Тарелки с нехитрыми закусками заняли почти половину стола, картошка на сковородке призывно зашипела – «я уже готова», бутылки с пивом выстроились в ряд, отливая магнетическим янтарным светом. Санька пригладил рыжие усы, заправил белую футболку в старенькие тренировочные и радушно объявил начало трапезы.

– Накладывай побольше, – сказал он, потирая руки, – где ты еще так вкусно пообедаешь? Нигде!

– Это верно, – кивнул Тихон, искренне разделяя точку зрения приятеля. Хорошо кормили в доме Корнеевых, но между изысканным жюльеном из грибов и языка и кусочками рассыпчатой картошки с квашеной капусткой он, не задумываясь, выбрал бы второе. – А я же к тебе по делу, – честно признался Тихон, разламывая кусок мягкого черного хлеба. – Очень рассчитываю на твою помощь… тут такое дело…

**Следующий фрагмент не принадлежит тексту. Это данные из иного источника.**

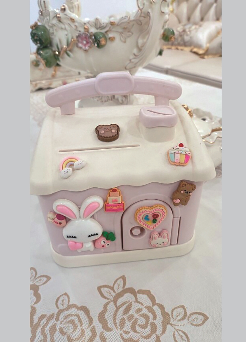 家里的方桌上多了一座“童话小镇”。那是妻子心爱的储钱罐——粉白相间的小屋,屋顶的投币口像等待惊喜的天窗。憨态可掬的饼干熊倚在墙边,一只兔子从窗户探出头,仿佛在守护这方小天地。
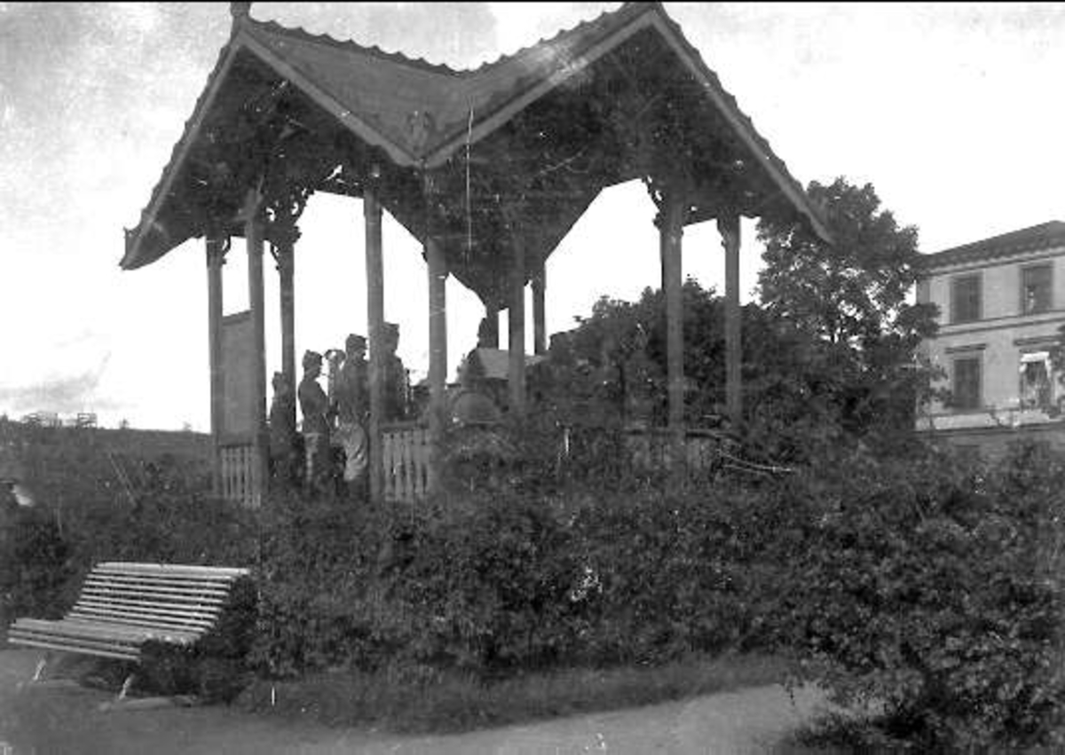 Karlsborgs fästning, musikpaviljong framför slutvärnet omkring år 1902. Middagskonsert av Göta ingenjörkårs musikkår.
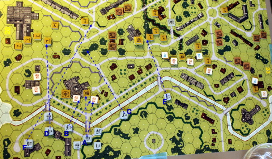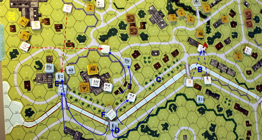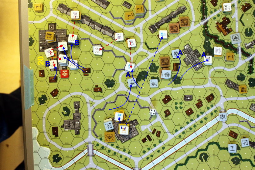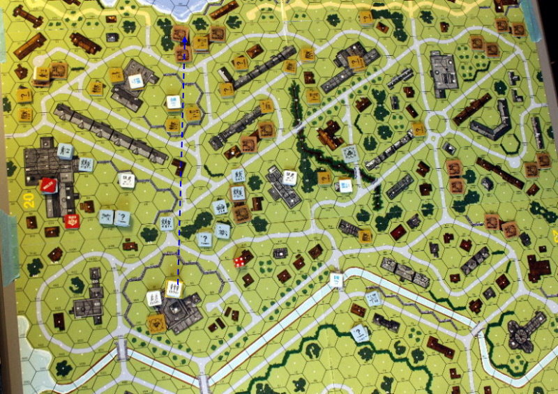 それに正面の建物に残っていた4-4-7は3階でも、後ろの方へ行っちゃいました(B)。前に来れば、ドイツ軍の前進を妨害するため、厄介だったんですけどね。
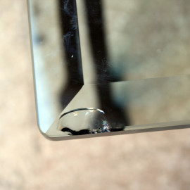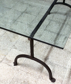 Basso tavolo linea rettangolare, XX secolo, piano in cristallo, poggiante su coppia di montanti in ferro battuto, cm h 48x179,5x96, (difetti).
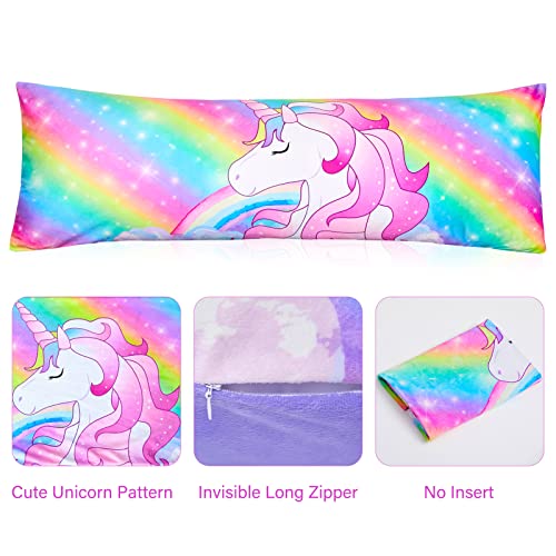 Basumee Federa Morbida per Cuscino con Unicorno, Federe per Cuscino Guanciale Lungo Morbido con Chiusura Lampo Nascosta 20"x54"/51cmX137cm
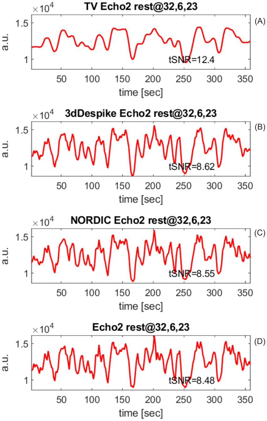 Figure 7. Participant sub-01, voxel (32,6,23). (A) The total-variation-denoised resting-state echo 2 has the highest tSNR and is—contrary to the other time series—smooth. (B) Second-best tSNR was generated by AFNI’s 3dDespike function. (C) NORDIC-denoised echo 2. (D) tSNR of unprocessed echo2. For the participant sub-01, tSNRs of (B,C,D) were not much different.

Санька обожал различные истории, и еще больше он любил быть в центре всеобщего внимания. Мгновенно оценив смущенное состояние Тихона, он решил, что на этот раз как минимум вся жизнь на планете Земля зависит целиком и полностью от него – от всемогущего Саньки Жука! Он разлил пиво по стаканам, сделал большой глоток, перепачкал нос пористой белой пеной и крякнул:

– Давай скорее выкладывай, что там у тебя. Хотя учти, я на тебя в обиде – год где-то пропадал и зашел, как оказалось, по делу.

Ворчливость была напускной – так Санька чувствовал себя более важной персоной.

Тихона два раза просить не пришлось. Он красочно поведал обо всем, что случилось за последнюю неделю. Подробно рассказал, как превратился в сыщика, как жил в доме Корнеевых и как вычислил Феликса.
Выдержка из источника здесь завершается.